▶ **What is expected**
Below, some lines carry pictures; leave those pictures out and retype exactly the lines from the one with "TOMMYFIELD 木製パズル はめ込み 動物 果物 車 パズル 6個セット" through the one with "som ja sviňa.".

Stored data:
________________________________________
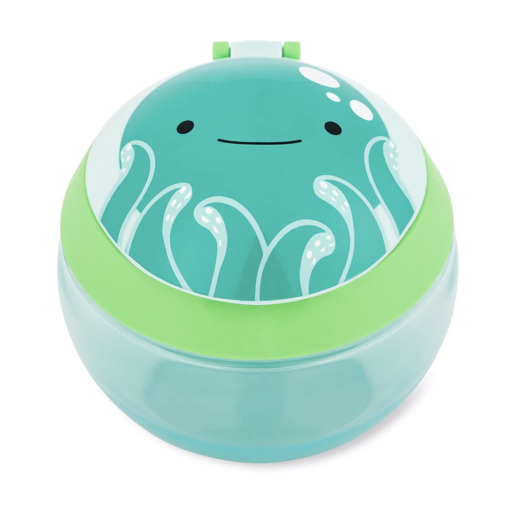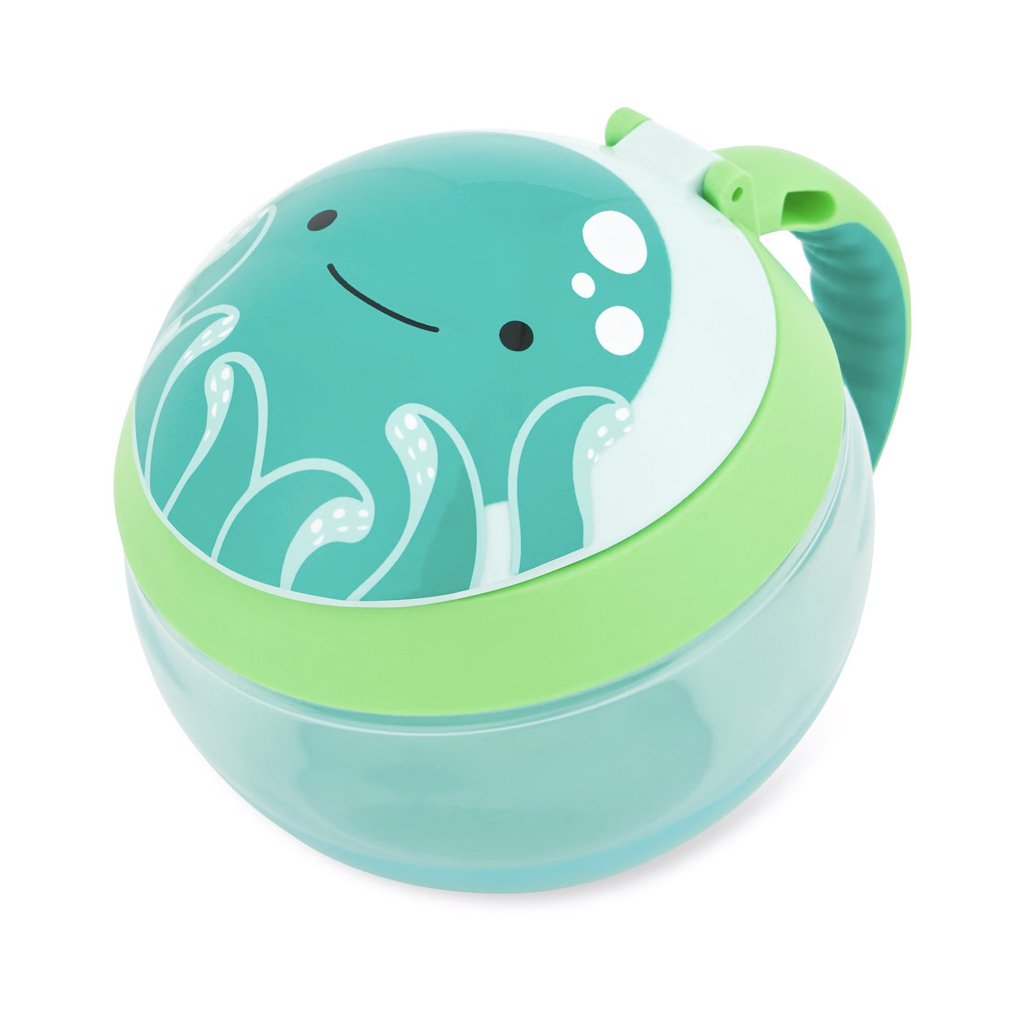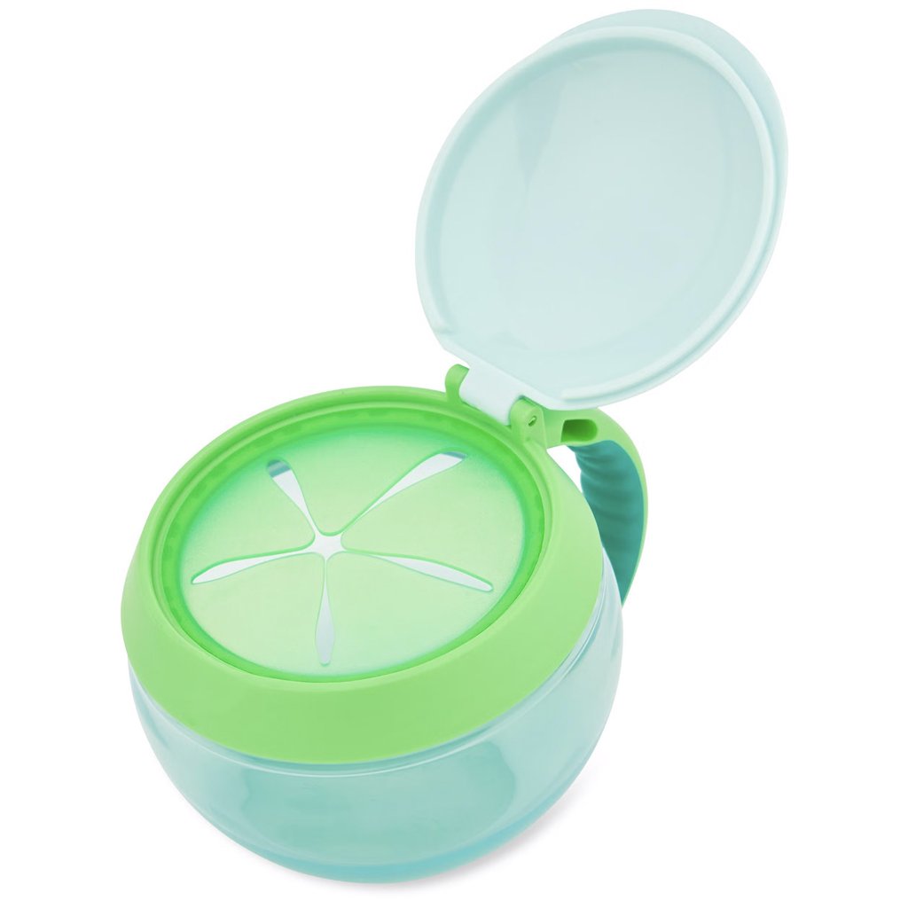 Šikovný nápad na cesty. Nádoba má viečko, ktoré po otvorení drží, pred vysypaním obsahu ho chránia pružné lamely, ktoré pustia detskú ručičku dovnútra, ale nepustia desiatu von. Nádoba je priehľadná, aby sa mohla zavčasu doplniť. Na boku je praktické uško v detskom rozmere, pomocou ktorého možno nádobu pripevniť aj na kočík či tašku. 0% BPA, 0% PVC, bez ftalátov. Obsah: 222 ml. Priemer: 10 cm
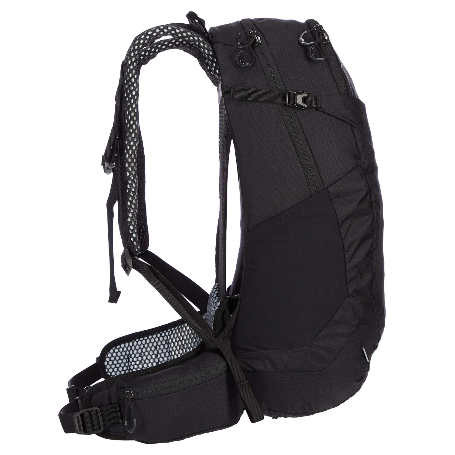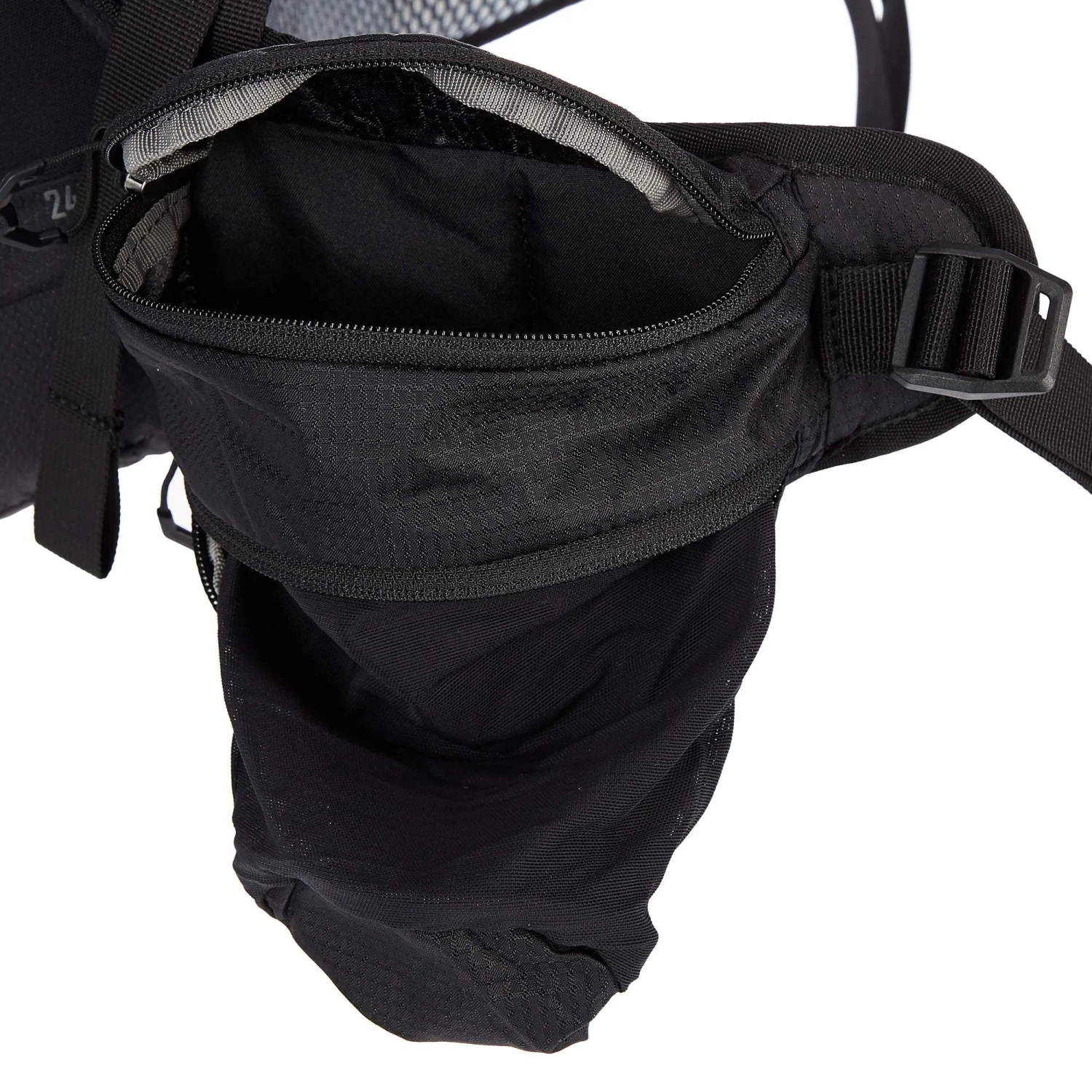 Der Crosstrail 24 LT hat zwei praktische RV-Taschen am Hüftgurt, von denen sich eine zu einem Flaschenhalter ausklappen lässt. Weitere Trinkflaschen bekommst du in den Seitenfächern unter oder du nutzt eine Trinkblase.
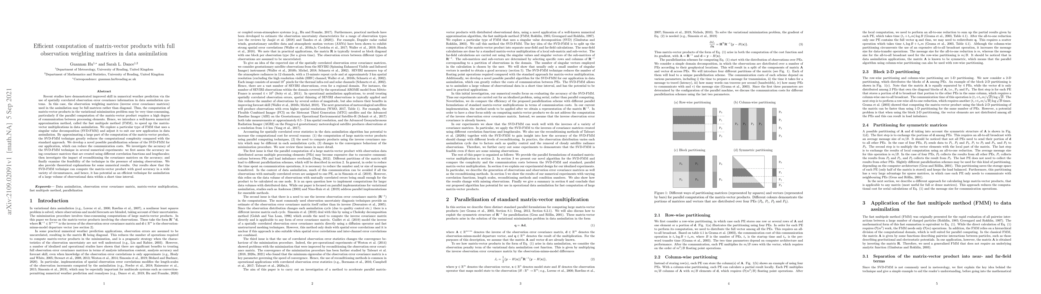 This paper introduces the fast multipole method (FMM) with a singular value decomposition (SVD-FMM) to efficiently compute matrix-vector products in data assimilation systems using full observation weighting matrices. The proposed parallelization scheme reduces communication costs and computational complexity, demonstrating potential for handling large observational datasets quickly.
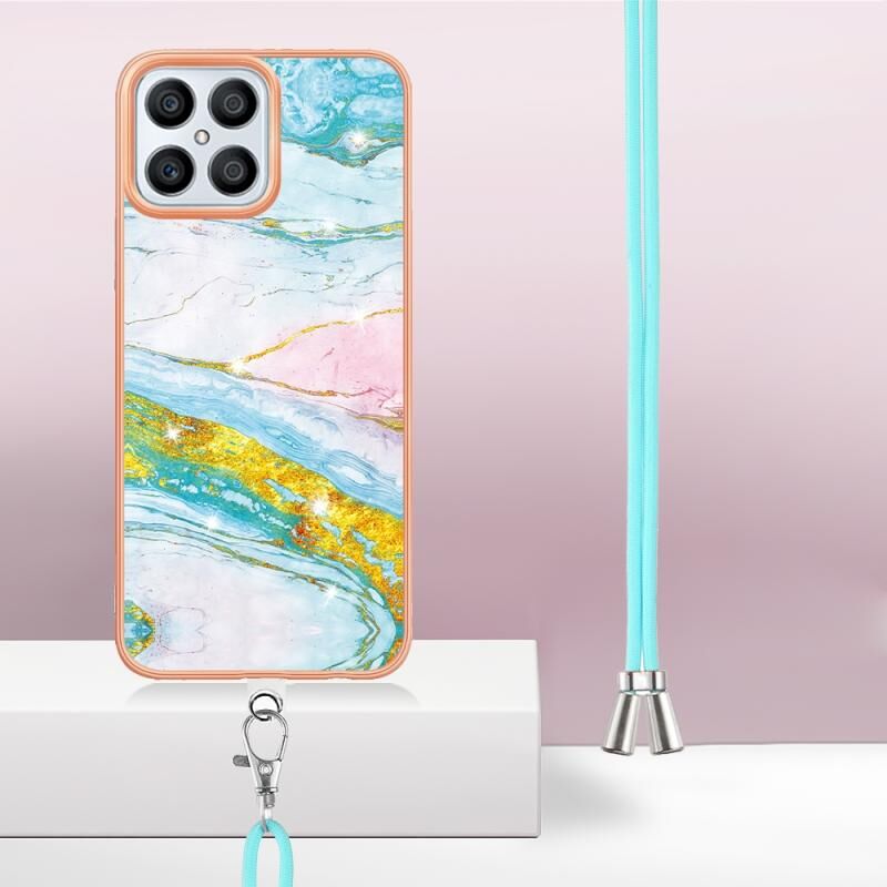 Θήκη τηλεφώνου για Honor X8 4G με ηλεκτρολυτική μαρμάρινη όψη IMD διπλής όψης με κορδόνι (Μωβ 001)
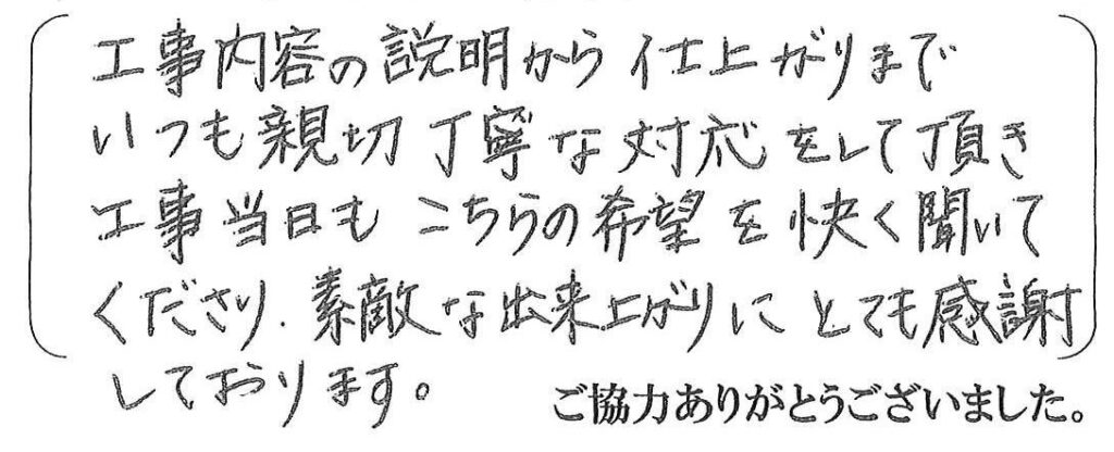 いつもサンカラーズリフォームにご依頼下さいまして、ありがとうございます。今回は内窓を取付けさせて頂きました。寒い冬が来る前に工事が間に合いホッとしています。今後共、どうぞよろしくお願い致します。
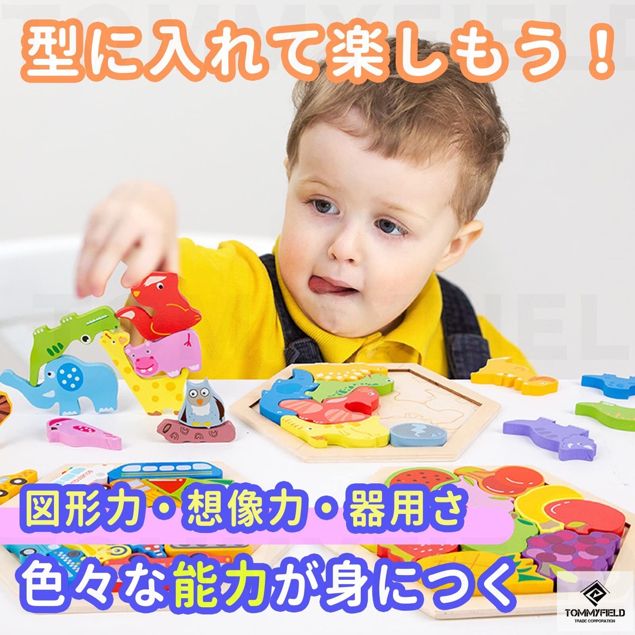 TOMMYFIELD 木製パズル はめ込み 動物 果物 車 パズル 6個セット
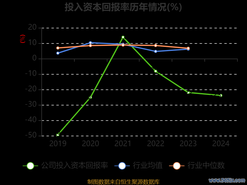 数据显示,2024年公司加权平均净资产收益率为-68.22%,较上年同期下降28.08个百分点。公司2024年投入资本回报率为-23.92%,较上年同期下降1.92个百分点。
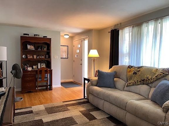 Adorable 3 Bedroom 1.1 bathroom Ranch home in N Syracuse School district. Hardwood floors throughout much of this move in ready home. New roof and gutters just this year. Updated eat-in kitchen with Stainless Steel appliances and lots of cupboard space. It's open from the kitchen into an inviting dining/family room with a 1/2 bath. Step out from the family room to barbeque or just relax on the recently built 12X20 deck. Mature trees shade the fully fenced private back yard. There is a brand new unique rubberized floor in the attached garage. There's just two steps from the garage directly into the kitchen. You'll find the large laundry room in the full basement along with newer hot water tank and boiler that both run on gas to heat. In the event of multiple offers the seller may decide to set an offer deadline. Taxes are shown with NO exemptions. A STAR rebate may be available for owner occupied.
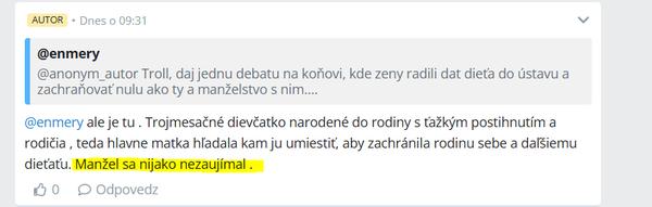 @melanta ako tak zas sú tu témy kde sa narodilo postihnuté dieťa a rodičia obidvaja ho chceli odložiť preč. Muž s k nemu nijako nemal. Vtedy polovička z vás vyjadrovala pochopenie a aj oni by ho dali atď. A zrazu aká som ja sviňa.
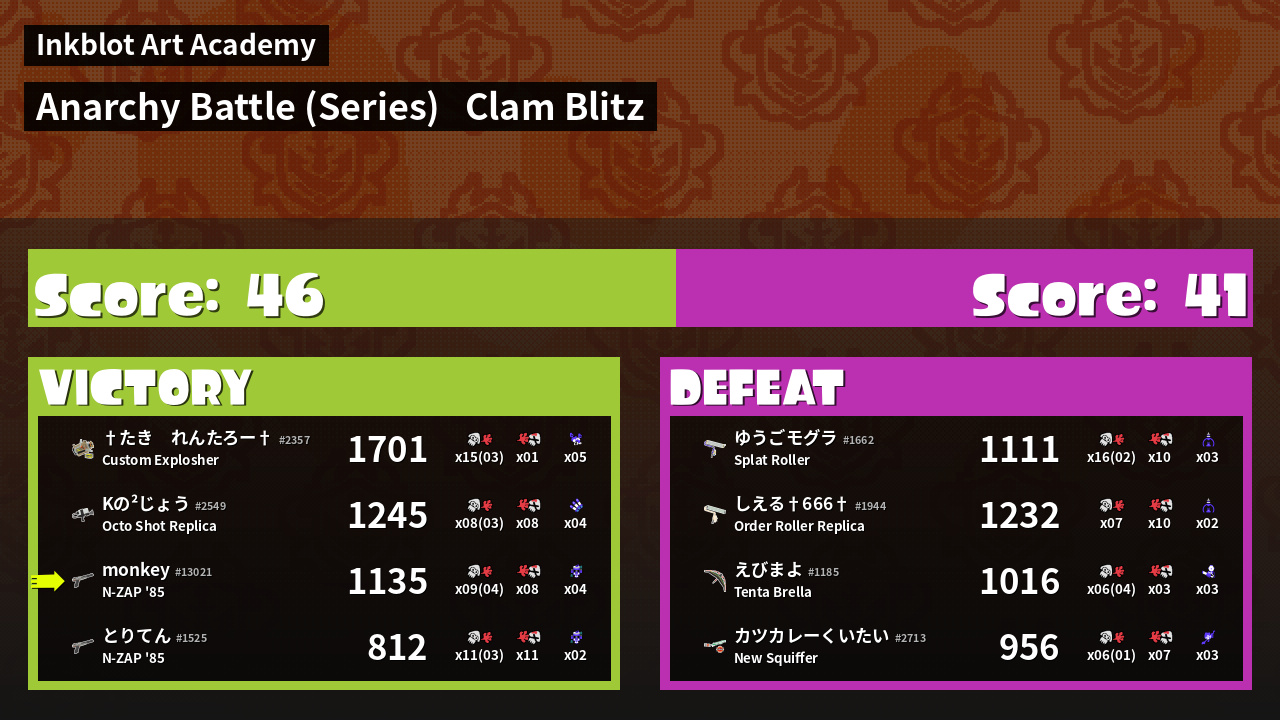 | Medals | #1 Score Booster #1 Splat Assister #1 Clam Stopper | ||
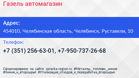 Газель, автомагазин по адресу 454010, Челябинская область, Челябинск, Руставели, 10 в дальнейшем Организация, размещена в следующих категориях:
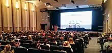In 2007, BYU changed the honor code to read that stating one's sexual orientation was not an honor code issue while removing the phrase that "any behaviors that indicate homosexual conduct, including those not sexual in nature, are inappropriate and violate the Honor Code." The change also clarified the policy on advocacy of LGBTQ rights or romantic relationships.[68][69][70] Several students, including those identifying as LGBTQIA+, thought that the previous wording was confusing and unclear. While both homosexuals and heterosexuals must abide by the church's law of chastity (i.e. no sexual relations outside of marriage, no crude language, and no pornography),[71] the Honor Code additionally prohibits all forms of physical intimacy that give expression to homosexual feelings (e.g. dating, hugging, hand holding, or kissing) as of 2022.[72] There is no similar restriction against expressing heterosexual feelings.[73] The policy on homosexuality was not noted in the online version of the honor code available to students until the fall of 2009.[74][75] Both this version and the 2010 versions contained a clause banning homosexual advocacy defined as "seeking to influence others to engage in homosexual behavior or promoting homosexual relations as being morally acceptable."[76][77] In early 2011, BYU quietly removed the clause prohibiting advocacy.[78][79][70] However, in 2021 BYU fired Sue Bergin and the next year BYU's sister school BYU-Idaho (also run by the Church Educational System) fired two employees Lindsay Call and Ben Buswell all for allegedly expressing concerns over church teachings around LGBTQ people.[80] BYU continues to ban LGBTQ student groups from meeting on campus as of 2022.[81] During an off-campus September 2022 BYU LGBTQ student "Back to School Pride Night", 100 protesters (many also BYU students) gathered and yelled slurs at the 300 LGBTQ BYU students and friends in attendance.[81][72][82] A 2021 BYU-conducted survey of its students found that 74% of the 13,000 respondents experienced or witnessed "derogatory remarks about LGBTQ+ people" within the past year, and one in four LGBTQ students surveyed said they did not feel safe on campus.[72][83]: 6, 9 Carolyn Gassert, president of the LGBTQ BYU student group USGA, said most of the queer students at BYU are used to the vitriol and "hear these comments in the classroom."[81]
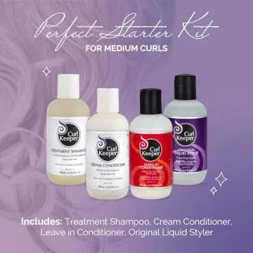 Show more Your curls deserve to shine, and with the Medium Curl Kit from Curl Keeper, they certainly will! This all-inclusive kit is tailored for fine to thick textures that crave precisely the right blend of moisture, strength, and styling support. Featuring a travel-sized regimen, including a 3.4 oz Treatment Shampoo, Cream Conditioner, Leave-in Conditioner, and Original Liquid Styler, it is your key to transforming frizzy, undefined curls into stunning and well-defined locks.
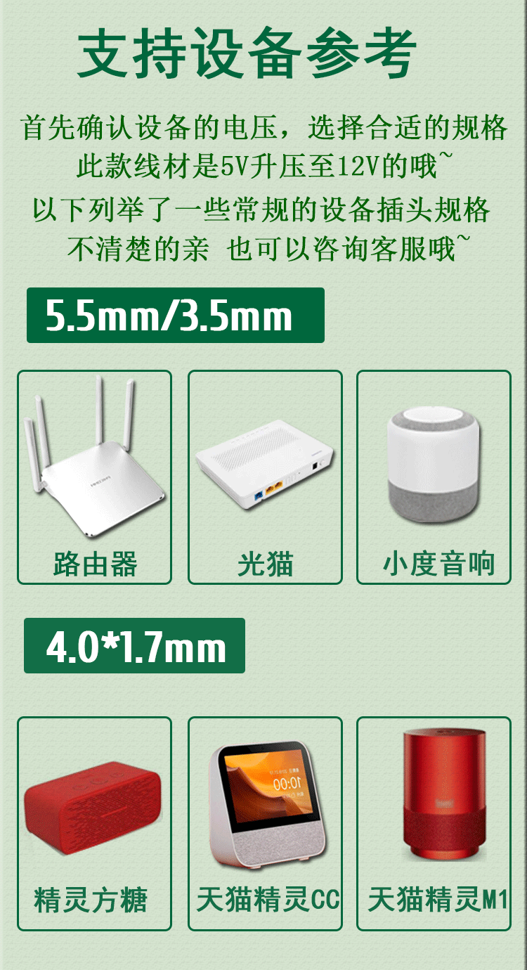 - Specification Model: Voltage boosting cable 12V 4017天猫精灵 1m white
________________________________________
▶ **Solution to this problem**
 TOMMYFIELD 木製パズル はめ込み 動物 果物 車 パズル 6個セット
 数据显示,2024年公司加权平均净资产收益率为-68.22%,较上年同期下降28.08个百分点。公司2024年投入资本回报率为-23.92%,较上年同期下降1.92个百分点。
 Adorable 3 Bedroom 1.1 bathroom Ranch home in N Syracuse School district. Hardwood floors throughout much of this move in ready home. New roof and gutters just this year. Updated eat-in kitchen with Stainless Steel appliances and lots of cupboard space. It's open from the kitchen into an inviting dining/family room with a 1/2 bath. Step out from the family room to barbeque or just relax on the recently built 12X20 deck. Mature trees shade the fully fenced private back yard. There is a brand new unique rubberized floor in the attached garage. There's just two steps from the garage directly into the kitchen. You'll find the large laundry room in the full basement along with newer hot water tank and boiler that both run on gas to heat. In the event of multiple offers the seller may decide to set an offer deadline. Taxes are shown with NO exemptions. A STAR rebate may be available for owner occupied.
 @melanta ako tak zas sú tu témy kde sa narodilo postihnuté dieťa a rodičia obidvaja ho chceli odložiť preč. Muž s k nemu nijako nemal. Vtedy polovička z vás vyjadrovala pochopenie a aj oni by ho dali atď. A zrazu aká som ja sviňa.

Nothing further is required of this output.